Saving an Endangered Species

In a race against time, the elements and eBay, the UC Santa Barbara Library, in collaboration with L.A.-based collector John Levin, has created the Early Recordings Initiative — the first public-private partnership to promote the preservation and digitization of pre-1903 sound recordings and public access to them.

“The majority of these recordings have been lost due to their sensitivity to humidity and poor handling over the years,” said Levin. “It’s amazing that any of these have survived.”

First invented by Edison in 1877 and made of tinfoil, commercialized early recordings were made on wax cylinders about the size of soda cans. The cylinders have a brown, soaplike texture that makes them extremely fragile.
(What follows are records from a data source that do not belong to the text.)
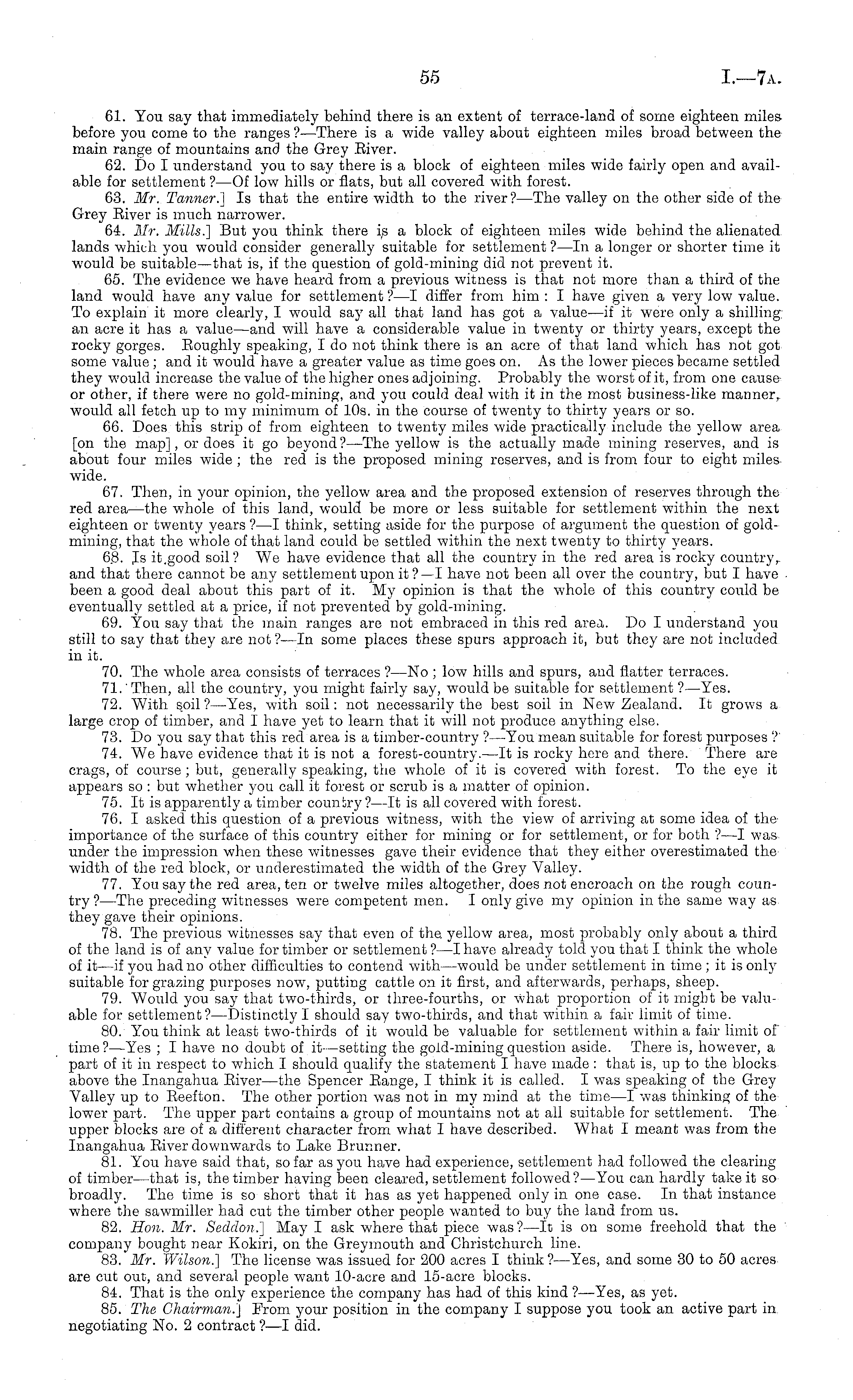 61. You say that immediately behind there is an extent of terrace-land of some eighteen miles before you come to the ranges ?—There is a wide valley about eighteen miles broad between the main range of mountains and the Grey Eiver. 62. Do I understand you to say there is a block of eighteen miles wide fairly open and available for settlement ?—Of low hills or flats, but all covered with forest. 63. Mr. Tanner.] Is that the entire width to the river?— The valley on the other side of the Grey Eiver is much narrower. 64. Mr. Mills.] But you think there is a block of eighteen miles wide behind the alienated lands which you would consider generally suitable for settlement ? —ln a longer or shorter time it would be suitable—that is, if the question of gold-mining did not prevent it. 65. The evidence we have heard from a previous witness is that not more than a third of the land would have any value for settlement ?—I differ from him : I have given a very low value. To explain it more clearly, I would say all that land has got a value—if it were only a shilling an acre it has a value—and will have a considerable value in twenty or thirty years, except the rocky gorges. Eoughly speaking, Ido not think there is an acre of that land which has not got some value ; and it would have a greater value as time goes on. As the lower pieces became settled they would increase the value of the higher ones adjoining. Probably the worst of it, from one cause or other, if there were no gold-mining, and you could deal with it in the most business-likemmannerr r would all fetch up to my minimum of 10s. in the course of twenty to thirty years or so. 66. Does this strip of from eighteen to twenty miles wide practically include the yellow area [on the map], or does it go beyond?— The yellow is the actually made mining reserves, and is about four miles wide ; the red is the proposed mining reserves, and is from four to eight miles wide. 67. Then, in your opinion, the yellow area and the proposed extension of reserves through the red area —the whole of this land, would be more or less suitable for settlement within the next eighteen or twenty years ?—I think, setting aside for the purpose of argument the question of goldmining, that the whole of that land could be settled within the next twenty to thirty years. 6.8. Is it.good soil? We have evidence that all the country in the red area is rocky country,, and that there cannot be any settlement upon it ?—I have not been all over the country, but I have been a good deal about this part of it. My opinion is that the whole of this country could be eventually settled at a price, if not prevented by gold-mining. 69. You say that the main ranges are not embraced in this red area,. Do I understand you still to say that they are not ?—ln some places these spurs approach it, but they are not included in it. 70. The whole area consists of terraces ?—No ; low hills and spurs, and flatter terraces. 71.'Then, all the country, you might fairly say, would be suitable for settlement?— Yes. 72. With soil? —Yes, with soil: not necessarily the best soil in New Zealand. It grows a large crop of timber, and I have yet to learn that it will not produce anything else. 73. Do you say that this red area is a timber-country ?—You mean suitable for forest purposes ? 74. We have evidence that it is not a forest-country.—lt is rocky here and there. There are crags, of course ; but, generally speaking, the whole of it is covered with forest. To the eye it appears so : but whether you call it forest or scrub is a matter of opinion. 75. It is apparently a timber country ?—lt is all covered with forest. 76. I asked this question of a previous witness, with the view of arriving at some idea of the importance of the surface of this country either for mining or for settlement, or for both ? —I was under the impression when these witnesses gave their evidence that they either overestimated the width of the red block, or underestimated the width of the Grey Valley. 77. You say the red area, ten or twelve miles altogether, does not encroach on the rough country ? —The preceding witnesses were competent men. I only give my opinion in the same way as they gave their opinions. 78. The previous witnesses say that even of the yellow area, most probably only about a third of the land is of any value for timber or settlement ?—I have already told you that I think the whole of it —if you had no other difficulties to contend with —would be under settlement in time ;it is only suitable for grazing purposes now, putting cattle on it first, and afterwards, perhaps, sheep. 79. Would you say that two-thirds, or three-fourths, or what proportion of it might be valuable for settlement?— Distinctly I should say two-thirds, and that within a fair limit of time. 80. You think at least two-thirds of it would be valuable for settlement within a fair limit of time ?—Yes ; I have no doubt of it—setting the gold-mining question aside. There is, however, a part of it in respect to which I should qualify the statement I have made : that is, up to the blocks above the Inangahua Eiver—the Spencer Eange, I think it is called. I was speaking of the Grey Valley up to Eeefton. The other portion was not in my mind at the time —I was thinking of the lower part. The upper part contains a group of mountains not at all suitable for settlement. The upper blocks are of a different character from what I have described. What I meant was from the Inangahua Eiver downwards to Lake Brunner. 81. You have said that, so far as you have had experience, settlement had followed the clearing of timber —that is, the timber having been cleared, settlement followed? —You can hardly take it so broadly. The time is so short that it has as yet happened only in one case. In that instance where the sawmiller had cut the timber other people wanted to buy the land from us. 82. Hon. Mr. Seddon.] May I ask 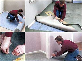 По периметру помещения прибивают грипперные рейки. В сложных местах правильно закрепить ковролин могут только специалисты.Еще один исключительно важный момент грамотного настила - это подложка.Кстати покупатели у нас почему-то выбирая ковровое покрытие, забывают про нее Конечно, каждый вправе решать, покупать ее или нет. Но специалисты объяснили, что главное назначение подложки - увеличение срока службы коврового покрытия (как минимум в два раза). Без нее оно быстрее перетирается между жестким полом и жесткой подошвой. В случае, когда покрытие настелено на подложку, часть удара при ходьбе она берет на себя, выступая в роли амортизатора. Другое назначение подложки - увеличение ощущения комфортности и мягкости. Купив тонкий ковер и настелив его на подложку, можно достигнуть эффекта толстого ворсового ковра. И, между прочим, сэкономить при этом энную сумму.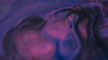 Fluid art. Sparkling ink flow. Blur purple pink black color shiny glitter grain particles acrylic paint mix emulsion liquid pigment leak abstract background.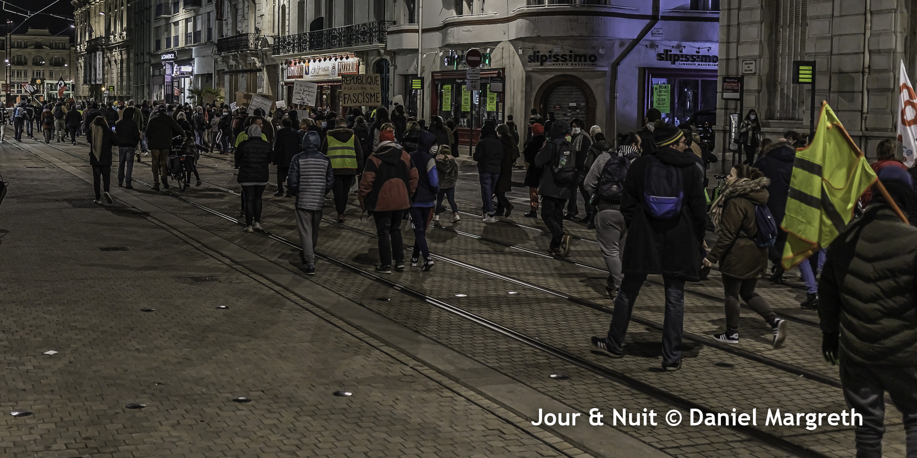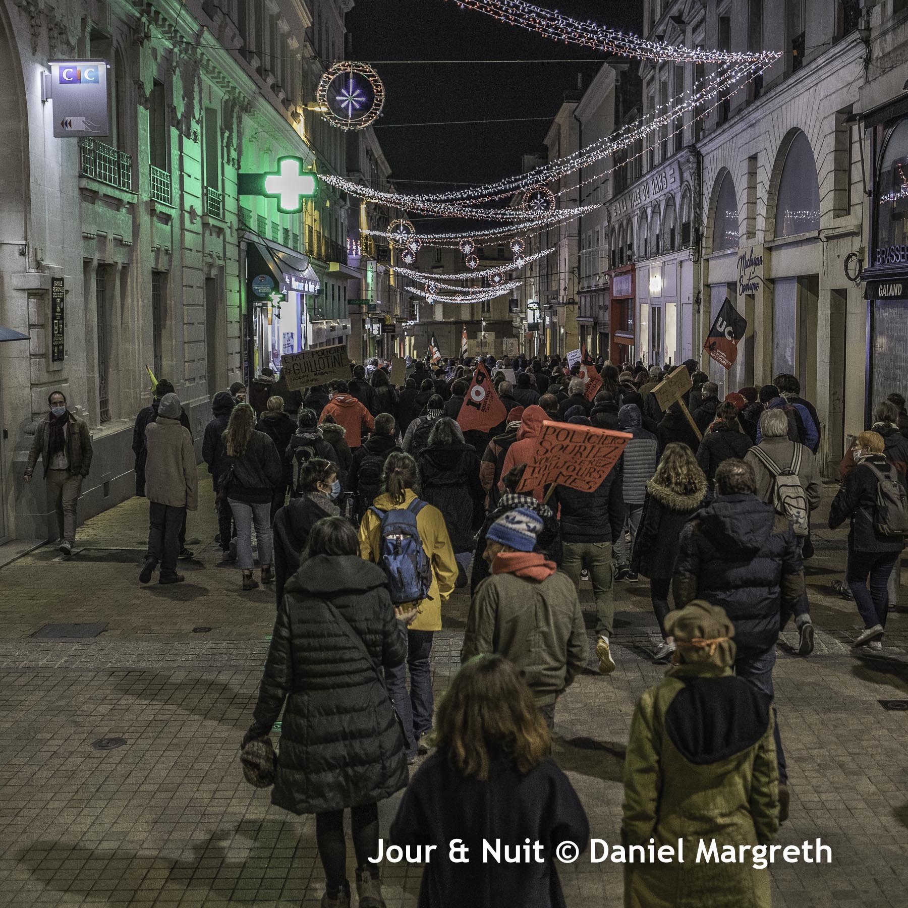 Après les prises de paroles des différentes organisations ayant appelé au rassemblement qui toutes dénoncent les atteintes aux libertés individuelles de manifester et d’informer (photo ou vidéo) des journalistes et de tous les citoyens, les participants sont partis en manifestation au travers du centre-ville pour finir devant les bureaux de la Police Municipale du Mans, place des Comtes du Maine.

“Early recordings are like endangered species that scientists know cannot survive in the wild,” said Levin. “These records need special handling and care if they are to survive more than another 20 to 30 years.

“Brown wax cylinders document an important time in our history,” Levin added. “They came before the dawn of mass media and before there was a music industry or commercializing of music and spoken word as a commodity. It’s a time of tremendous change, industrialization, people moving from rural areas to cities, and economic instability.”

Cylinders made before 1903 are particularly important as that was the year they began to be mass-produced. Most extant pre-1903 recordings are one-of-a-kind. “When we think of a record now, we think of a record being a copy,” said Levin. “Before 1903, there was almost no such thing as a copy because they were made in small batches.” Unlike printed materials, these early recordings have not been systematically collected, documented or studied — until recently.

UCSB Library has the most extensive collection of early recordings on the West Coast. Its Cylinder Audio Archive is the largest online collection of downloadable historic sound recordings.

The Early Recordings Initiative aims to create options for people to pass their collections on without forcing them to make a choice between donation, compensation or dissolution. Using a collecting strategy common in the art world and applying it to early sound recordings, people can sell, donate or both when giving their collection to UCSB Library.

“People need an incentive not to sell (cylinders) on eBay,” said Levin. “We’ve got to encourage people to get cylinders out of their attics, basements and storage lockers and into long-term preservation and public distribution.”